▶ **EXERCISE DIRECTIONS**:
When you copy the material below, keep every line exact and leave each picture out.

▶ **SUPPLIED MATERIAL**:
──────

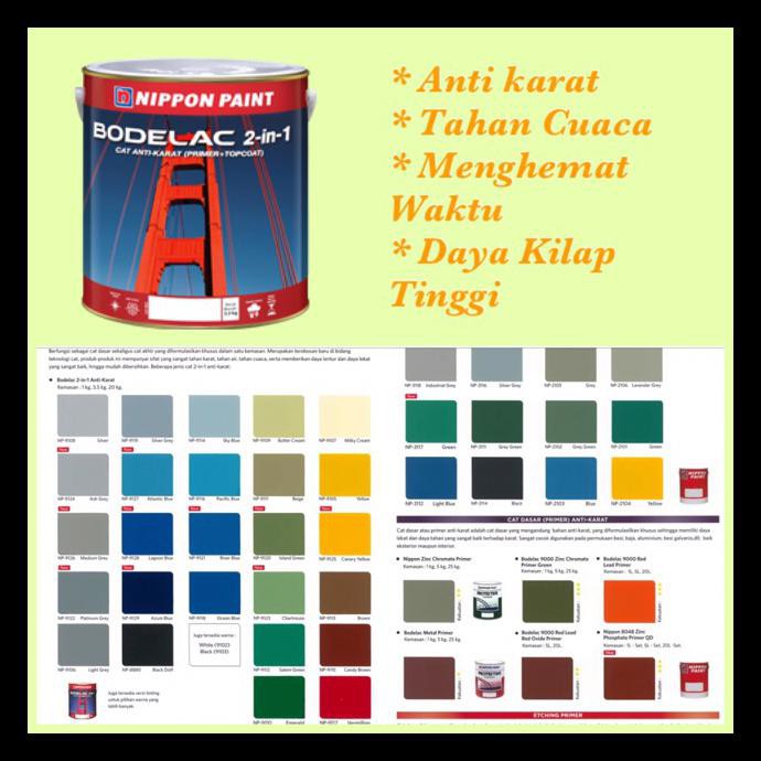 Cat ini bersifat cepat kering dan tahan lama. Avian Glovin Anti Karat. NIPPON BODELAC 2 - 1 CAT BESI ANTI KARAT 9103 BLACK 1 KG - 9103 BLACK GLOS saat ini berdagang seharga Rp122300 tetapi memesan secara online di luar harga yang Anda butuhkan untuk membayar biaya pengiriman dan kami akan memberikan mereka yang berada di KOTA JAKARTA TIMUR freeship.
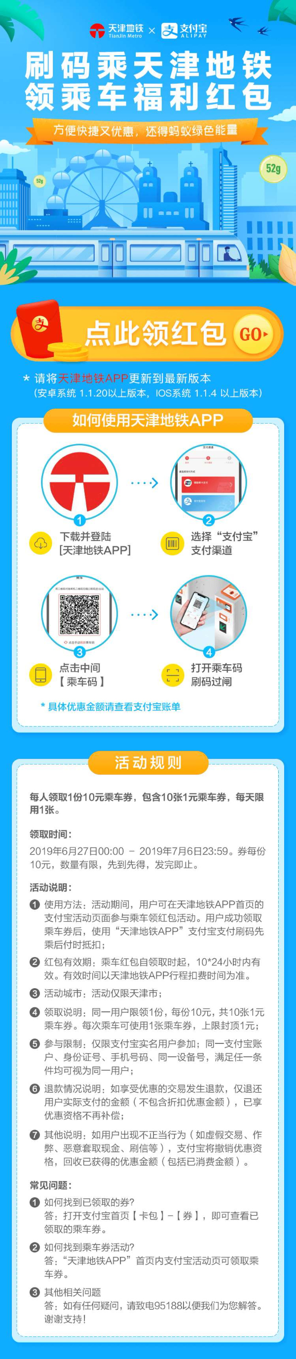 為回饋廣大市民對天津地鐵的支持,天津軌道交通運營集團有限公司與支付寶(中國)網(wǎng)絡(luò)技術(shù)有限公司聯(lián)合開展出行優(yōu)惠活動,自2019年6月27日至2019年7月6日期間,乘客可在天津地鐵APP或支付寶APP領(lǐng)取支付寶紅包。
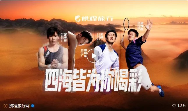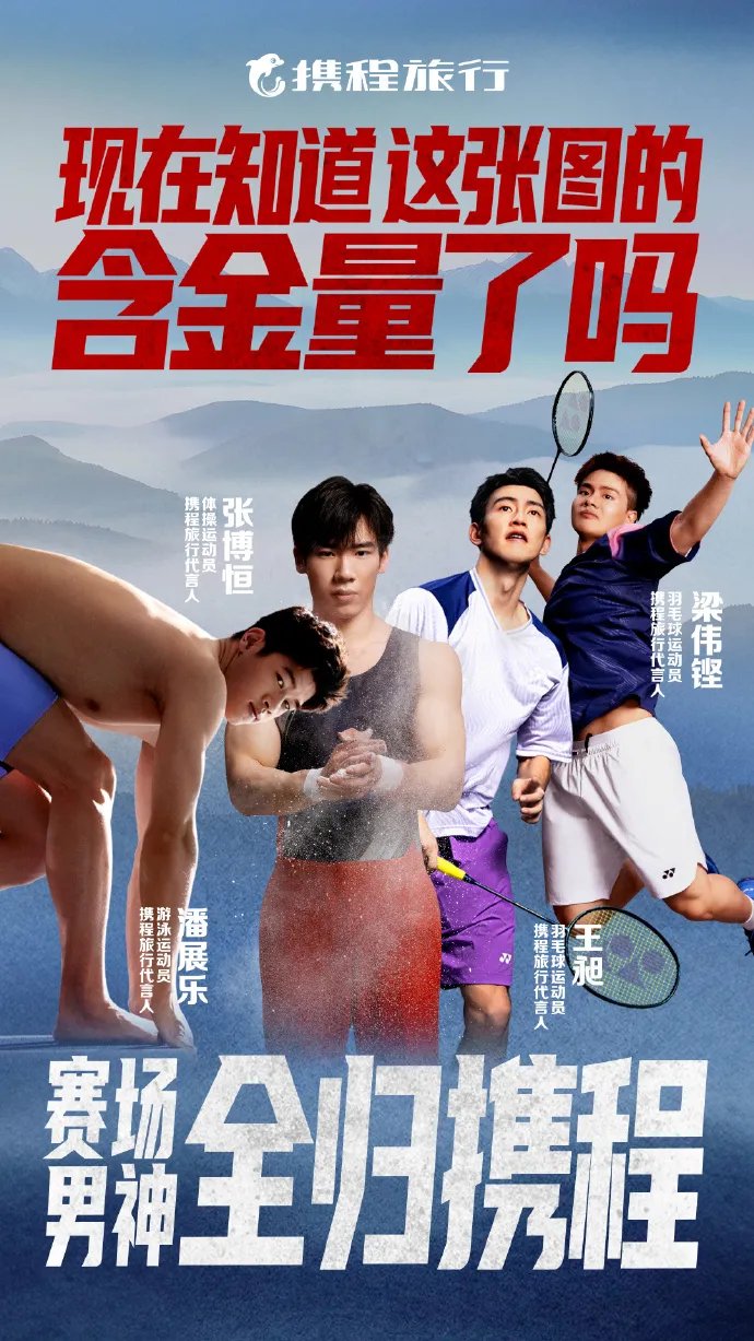 7月5日,携程官宣三组初登奥运赛场的00后夺冠热门选手成功成为品牌旅行代言人,游泳选手潘展乐、体操选手张博恒以及羽毛球队男子双打选手王昶和梁伟铿组成携程金牌男团,携程以一支「四海皆为你喝彩」的主题片迎接“运动男团”的出道。

──────

▶ **RESPONSE AREA**:
 Cat ini bersifat cepat kering dan tahan lama. Avian Glovin Anti Karat. NIPPON BODELAC 2 - 1 CAT BESI ANTI KARAT 9103 BLACK 1 KG - 9103 BLACK GLOS saat ini berdagang seharga Rp122300 tetapi memesan secara online di luar harga yang Anda butuhkan untuk membayar biaya pengiriman dan kami akan memberikan mereka yang berada di KOTA JAKARTA TIMUR freeship.
 為回饋廣大市民對天津地鐵的支持,天津軌道交通運營集團有限公司與支付寶(中國)網(wǎng)絡(luò)技術(shù)有限公司聯(lián)合開展出行優(yōu)惠活動,自2019年6月27日至2019年7月6日期間,乘客可在天津地鐵APP或支付寶APP領(lǐng)取支付寶紅包。
 7月5日,携程官宣三组初登奥运赛场的00后夺冠热门选手成功成为品牌旅行代言人,游泳选手潘展乐、体操选手张博恒以及羽毛球队男子双打选手王昶和梁伟铿组成携程金牌男团,携程以一支「四海皆为你喝彩」的主题片迎接“运动男团”的出道。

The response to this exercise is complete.